• ABOUT THIS EXERCISE:
Only the lines from the beginning of the data through the line holding "Die Eremitin Maria" belong in the answer, printed exactly and without pictures.
DATA RECORDS Block Start
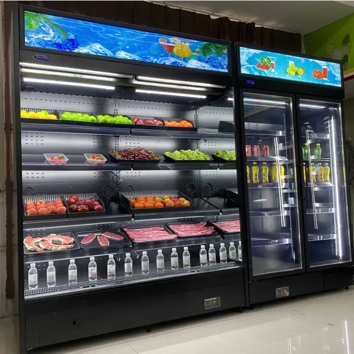 It is ideal for displaying fresh fruits and vegetables, and can also store drinks, dairy products, and other perishable items.
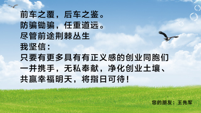 E、如果你曾經(jīng)在其他地方因購(gòu)買洗滌劑設(shè)備和車用尿素設(shè)備上當(dāng)受騙,由湖南富達(dá)日化發(fā)起成立的中國(guó)創(chuàng)業(yè)者防騙鋤騙互助沙龍,將協(xié)助你合法維權(quán)挽回?fù)p失,微信號(hào):18874912888;
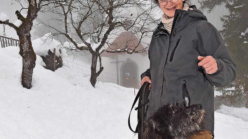 Die Eremitin Maria Baptista mit ihren beiden Hunden im Tschütschi. Bild: Andreas Seeholzer
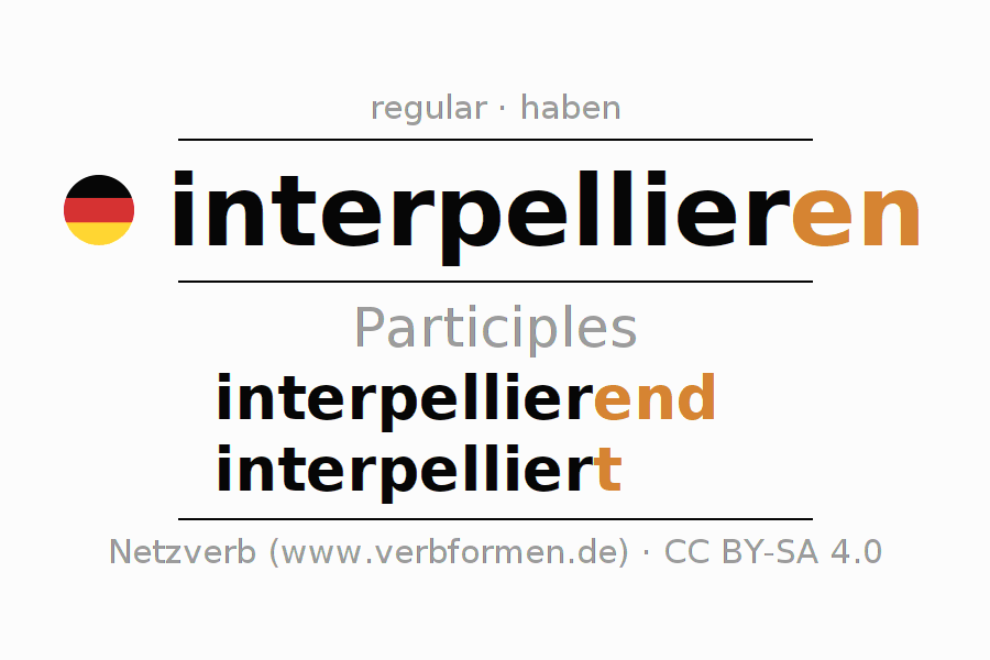 The participles of interpellieren (interpellate, question) are: interpellierend, interpelliert.
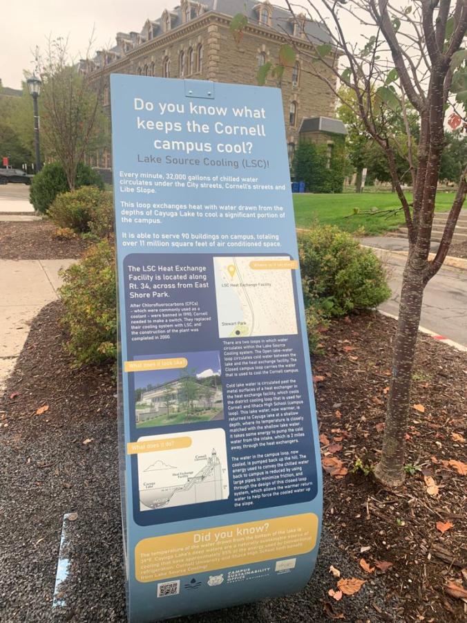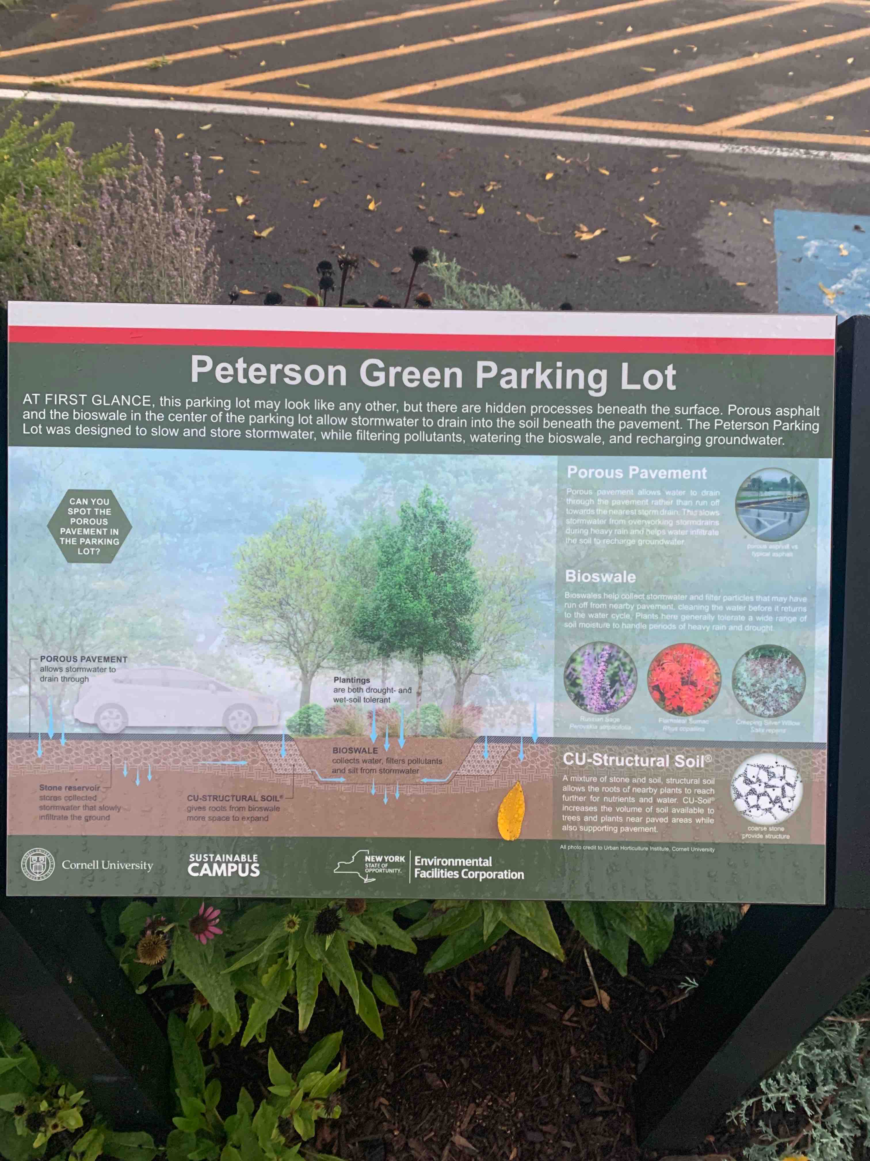 On my final morning of this visit to the Cornell campus I started a walk at sunrise. I discovered that parking lots around campus now have learning embedded in them.
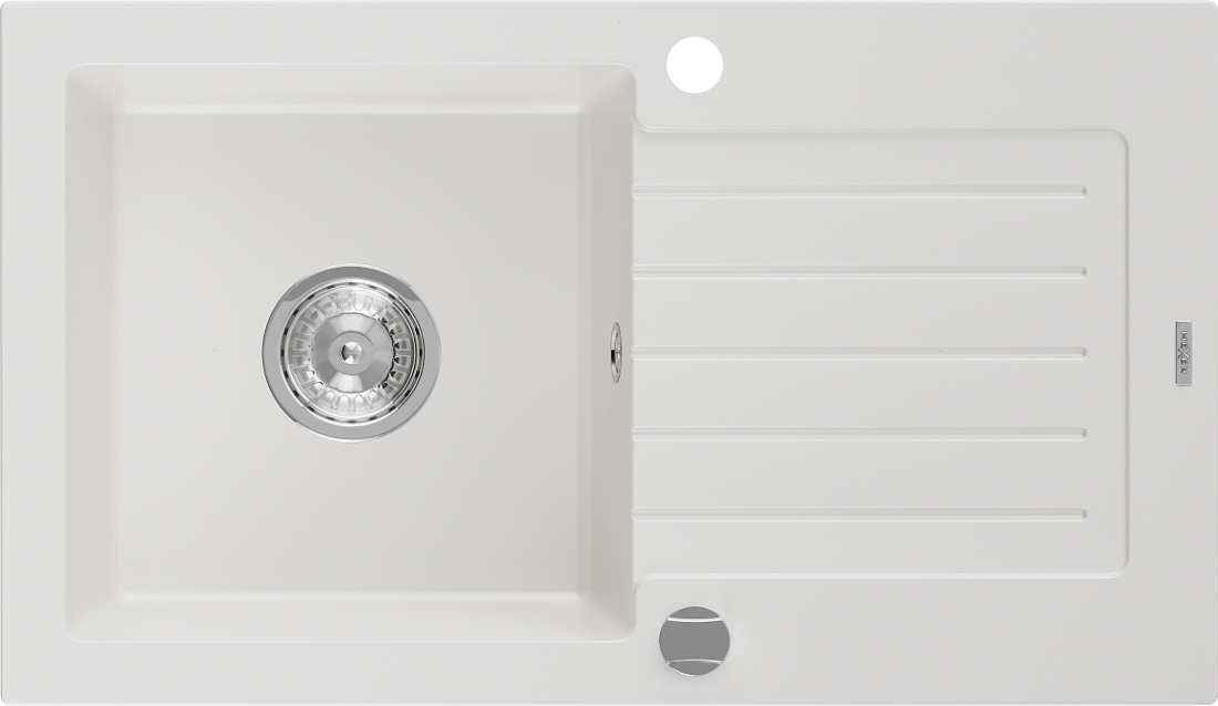 Mexen Pablo granitový dřez 1-komorový s odkapávačem 752 x 436 mm, bílý, sifon chrom - 6510751010-20
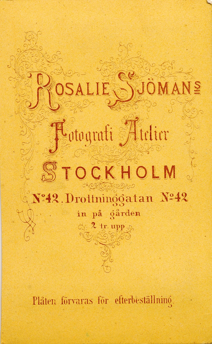 Tryckt text på visitkortets baksida: "Rosalie Sjömans Fotografi Atelier Stockholm No 42 Drottninggatan No 42 in på gården 2 tr. upp"
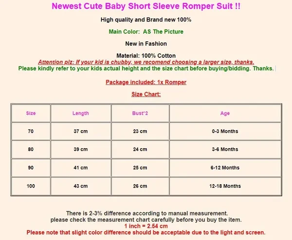 Newest Cute Baby Short Sleeve Romper Suit !! High quality and Brand new 100% Main Color: AS The Picture New in Fashion Material: 100% Cotton Attention plz: If your kid is chubby, we recomend choosing a larger size, thanks. Please kindly refer to your kids actual height and the size chart before buying/bidding. Thanks. Package included: 1x Romper Size Chart: Size Length Bust*2 Age 70 37 cm 23 cm 0-3 Months 80 39 cm 24 cm 3-6 Months 90 41 cm 25 cm 6-12 Months 100 43 cm 26 cm 12-18 Months There is 2-3% difference according to manual measurement. please check the measurement chart carefully before you buy the item. 1 inch = 2.54 cm Please note that slight color difference should be acceptable due to the light and screen.
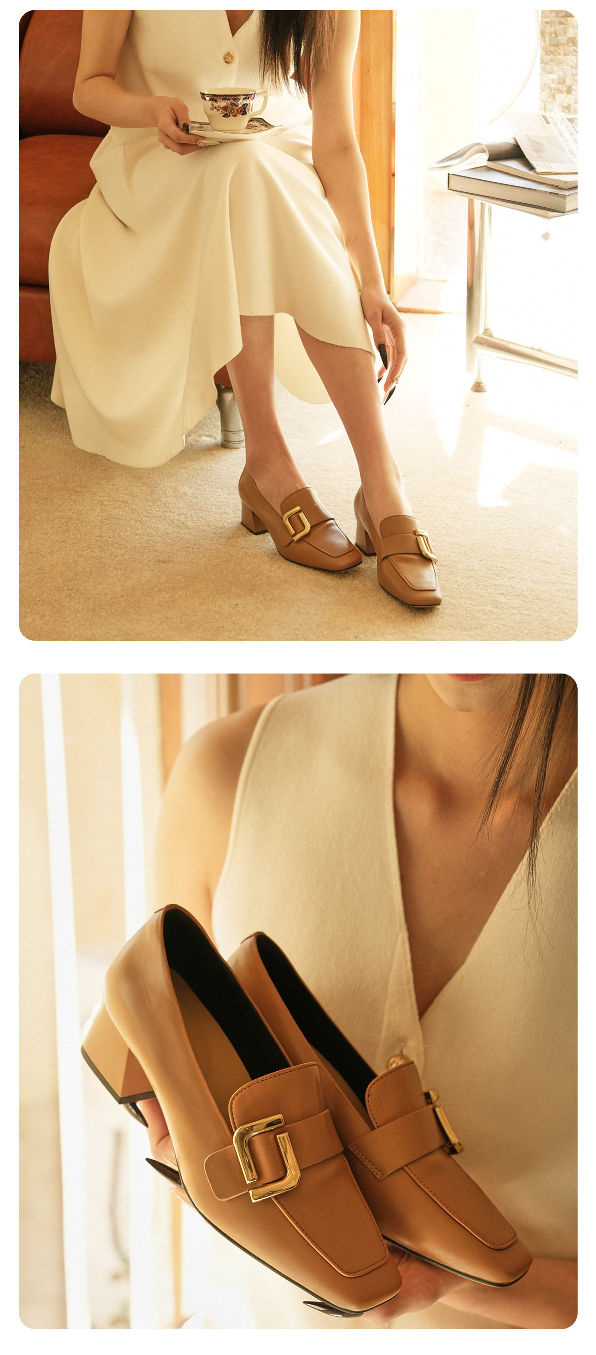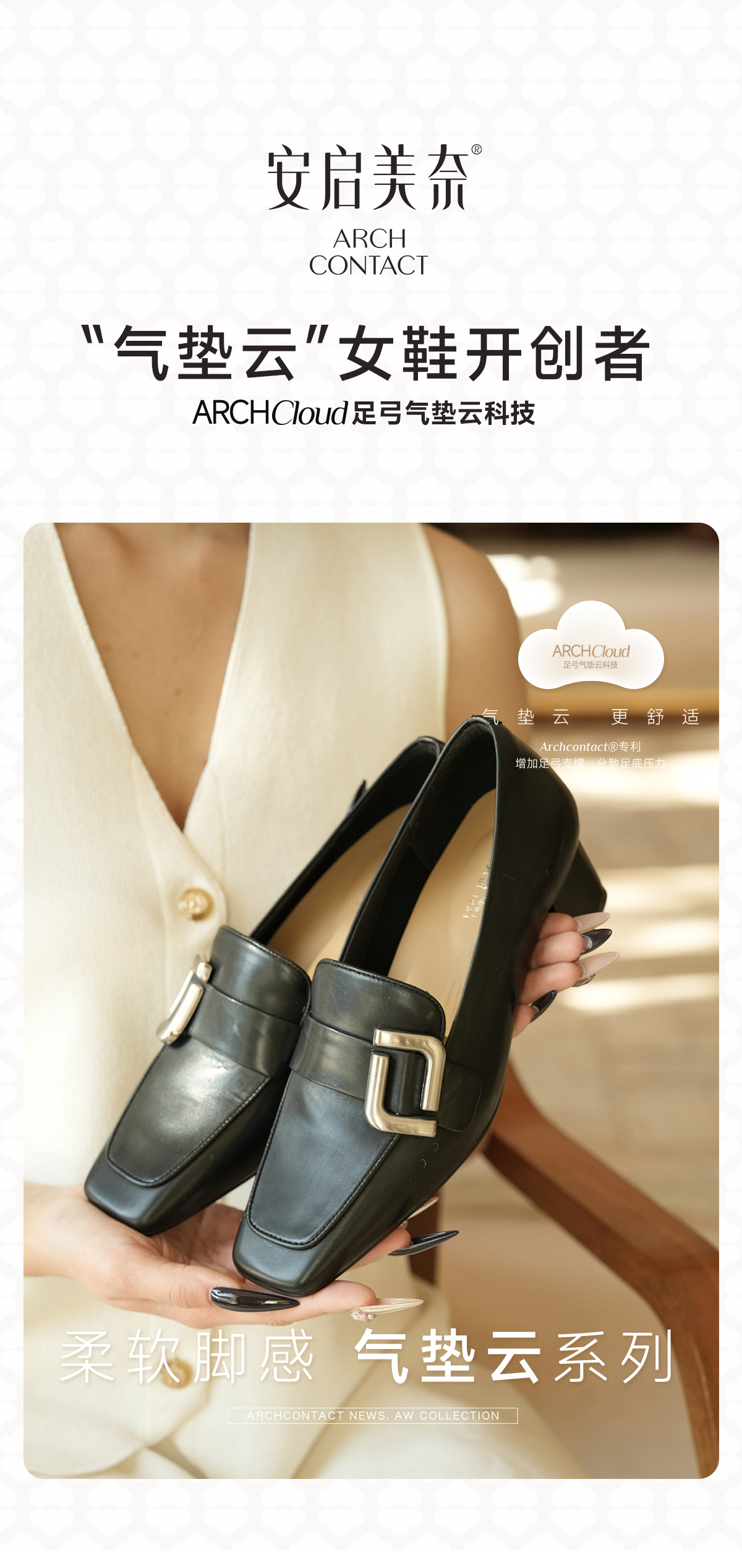 ARCHCONTACT安启美奈气垫云胎牛皮法式英伦风粗跟小皮鞋53011
DATA RECORDS Block End
• TASK RESPONSE:
 It is ideal for displaying fresh fruits and vegetables, and can also store drinks, dairy products, and other perishable items.
 E、如果你曾經(jīng)在其他地方因購(gòu)買洗滌劑設(shè)備和車用尿素設(shè)備上當(dāng)受騙,由湖南富達(dá)日化發(fā)起成立的中國(guó)創(chuàng)業(yè)者防騙鋤騙互助沙龍,將協(xié)助你合法維權(quán)挽回?fù)p失,微信號(hào):18874912888;
 Die Eremitin Maria Baptista mit ihren beiden Hunden im Tschütschi. Bild: Andreas Seeholzer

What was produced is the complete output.